After a mild few months, summer heat finally hit Phoenix this week. No return of our record-breaking 122°F; yesterday was a balmy 111°. The show “King of the Hill” best expressed non-Arizonans’ view of the Valley of the Sun.
Bobby: 111 degrees?! Phoenix really can’t be that hot, can it? (steps out of car) Oh my God, it’s like standing on the sun!
Peggy: This city should not exist. It is a monument to man’s arrogance.
Jonah Goldberg had a summer speaking engagement at the Goldwater Institute while I was in their employ. I directed him to our patio for his afternoon cigar break. Ten minutes later, he returned saying, “You live in hell!”
Why do I live in hell?

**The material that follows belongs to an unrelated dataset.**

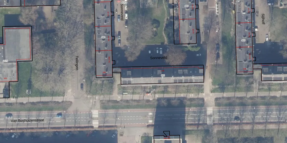 Het perceel waarop Sonneveld 11 staat heeft een oppervlakte van 719 m². Dit is een groot perceel. De perceeloppervlakte wordt geregistreerd door het Kadaster. Gedetailleerde informatie over de maten van dit perceel kunt u vinden in het rapport Kadastrale kaart met maatvoering van Sonneveld 11.

My parents escaped the frozen tundra of Sault Ste. Marie, MI, ultimately ending up in its climatological evil twin. Their last February there, they must have thought, what’s the exact opposite of this? Living here since I was a wee lad, I’m used to the intensity, though outsiders think my neighbors and I are crazy.
We only have two months of awful heat — mid-July to mid-September. That’s when the humidity rises, keeping the temperatures north of 100° late into the evening. We’re not there yet, but I’ll take two hot months here over four months of gray, icy misery in the upper Midwest.
Still, the heat can drive some people batty; a former co-worker comes to mind. This middle-aged female, let’s call her Didi, already had a few idiosyncrasies.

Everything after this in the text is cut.